Markk wrote:Anonymous Coward wrote:
It actually turns your XT into more of a 286 than a 386, as the 386 CPU that comes with it as marked as "16-bit software only"
I think early 386s had a bug that made them halt when trying to run 32bit software. But that didn't affect all of them. The bug-free ones were labeled ΣΣ (sigma sigma), and the buggy ones carried a "16bit software only" label, and they could be selled, as most people would need to run 16bit dos software.
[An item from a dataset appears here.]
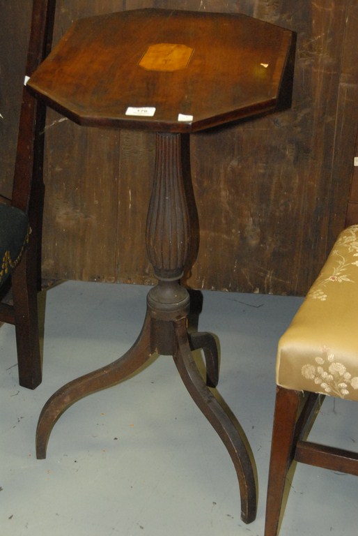 Lot 170: Hepplewhite mahogany candlestand retaining original finish with rectangular canted corner top, set on unusual turned and reeded bulb…

I have 3-4 early 386s and all of them are the ΣΣ model 😎
Its a bit more complicated.
There is a good description here http://www.informit.com/articles/article.aspx … 30978&seqNum=27
chapter '386 Bugs'.
My 16 BIT S/W ONLY 386 looks like this
http://mail.lipsia.de/~enigma/forum/386_top.jpg
Though even if your old 386s are double Sigmas, they still have the Errata 21 Bug.
So f.e. if you have a slow older 386 with Waitstates enabled, a 387 coprocessor, run Win 3.x in enhanced mode, play tracked music with a soundblaster that utilizes DMA for transfer, let the player use FPU interpolation and then add a memory intensive program that starts to swap out via paging.... ...then your 386 might lock up.